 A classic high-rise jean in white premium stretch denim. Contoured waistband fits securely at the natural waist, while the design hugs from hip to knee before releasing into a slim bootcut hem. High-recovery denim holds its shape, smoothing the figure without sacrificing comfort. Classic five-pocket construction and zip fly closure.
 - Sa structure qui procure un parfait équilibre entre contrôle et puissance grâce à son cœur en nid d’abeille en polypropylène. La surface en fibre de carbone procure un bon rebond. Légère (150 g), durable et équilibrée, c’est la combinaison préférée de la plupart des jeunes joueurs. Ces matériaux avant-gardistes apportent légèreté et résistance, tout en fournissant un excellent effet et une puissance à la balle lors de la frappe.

---

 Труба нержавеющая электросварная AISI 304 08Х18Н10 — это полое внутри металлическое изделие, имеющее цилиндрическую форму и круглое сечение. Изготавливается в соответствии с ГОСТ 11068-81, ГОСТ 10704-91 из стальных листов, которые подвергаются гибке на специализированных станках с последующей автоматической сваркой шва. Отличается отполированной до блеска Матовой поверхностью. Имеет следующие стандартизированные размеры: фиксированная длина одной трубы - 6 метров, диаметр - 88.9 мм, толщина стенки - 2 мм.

> [Exercise requirements] Your task is to restate, word for word, only those lines above that fall between the line holding "A classic high-rise" and the line holding "- Sa structure", inclusive.

> [Written answer]
 A classic high-rise jean in white premium stretch denim. Contoured waistband fits securely at the natural waist, while the design hugs from hip to knee before releasing into a slim bootcut hem. High-recovery denim holds its shape, smoothing the figure without sacrificing comfort. Classic five-pocket construction and zip fly closure.
 - Sa structure qui procure un parfait équilibre entre contrôle et puissance grâce à son cœur en nid d’abeille en polypropylène. La surface en fibre de carbone procure un bon rebond. Légère (150 g), durable et équilibrée, c’est la combinaison préférée de la plupart des jeunes joueurs. Ces matériaux avant-gardistes apportent légèreté et résistance, tout en fournissant un excellent effet et une puissance à la balle lors de la frappe.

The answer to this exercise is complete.